Leuthold argued that “one broadcast” should be interpreted as meaning a single broadcast in a single time zone on the CBC’s main channel. The CBC, on the other hand, characterized the term as more encompassing and inclusive of all time zones. The Court rejected Leuthold’s interpretation of the “one broadcast” in the absence of a specific term to that effect, and in view of the CBC’s evidence that it was commonly understood in the industry that a Canadian broadcast, when it relates to a Canadian network, includes all time zones.
With respect to the term “CBC’s Network” and the broadcasts on Newsworld, Leuthold provided evidence that the CRTC considers CBC Television Network to be a separate and distinct entity from CBC Newsworld from a regulatory standpoint, such that it would be unreasonable to interpret “CBC’s Network” as inclusive of Newsworld. The CBC relied on evidence as to the CBC’s intent to include Newsworld in the License, including copies of contracts between the CBC and the company producing the Production which indicated that Newsworld was intended to be part of the agreement, and evidence establishing that the CBC always included Newsworld when obtaining permissions from rights holders.
Ambiguity. Leuthold further argued that any ambiguity in the term “CBC’s Network” should be resolved in her favour according to the doctrine of contra proferentem. More specifically, since the contract was drafted by the CBC, it was the responsibility of the CBC to clearly indicate the scope of the License. The Court, however, held that contra proferentem will only be invoked when all other rules of contractual construction fail to enable the Court to ascertain the meaning of a term, and referred to the following excerpt from Progressive Homes Ltd v Lombard General Insurance Co of Canada, 2010 SCC 33:
 - (C)ourts should prefer interpretations that are consistent with the reasonable expectations of the parties, so long as such an interpretation can be supported by the text of the (agreement). Courts should avoid interpretations that would give rise to an unrealistic result or that would not have been in the contemplation of the parties at the time the (agreement) was concluded.
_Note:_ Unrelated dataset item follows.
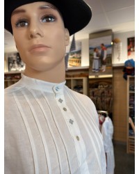 Camisa tradicional blanca para hombre con laburus bordados en color gris. Un diseño elegante y cuidado, ideal para quienes buscan Euskal Jantziak de mayor calidad.

Holding that the Court may turn to industry usage when interpreting what the reasonable expectations of parties may have been, the Court found the evidence as to industry usage, and what would have been commercially sensible to the CBC, to clearly favour the CBC’s position. While acknowledging that the distinction between the CBC and Newsworld may be correct from a regulatory perspective, the Court nonetheless found that it did not apply to the process of obtaining permissions from rights holders, and that the defendants had clearly established that the CBC always included Newsworld when doing so. Accordingly, the Court concluded that the License included Newsworld and the right to broadcast in all time zones to affiliates and regional television stations, such that the September 10, 2002, broadcasts on Newsworld did not infringe Leuthold’s copyrights.
Know the industry. The Leuthold decision signals that ambiguous licensing terms may be interpreted from the perspective of the industry for which rights are licensed, regardless of the strict legal interpretation of the term or the sophistication of a party vis-à-vis that industry. It may further highlight the significance of contractual terms seeking to preclude the application of contra proferentem.
The Leuthold decision is currently under appeal.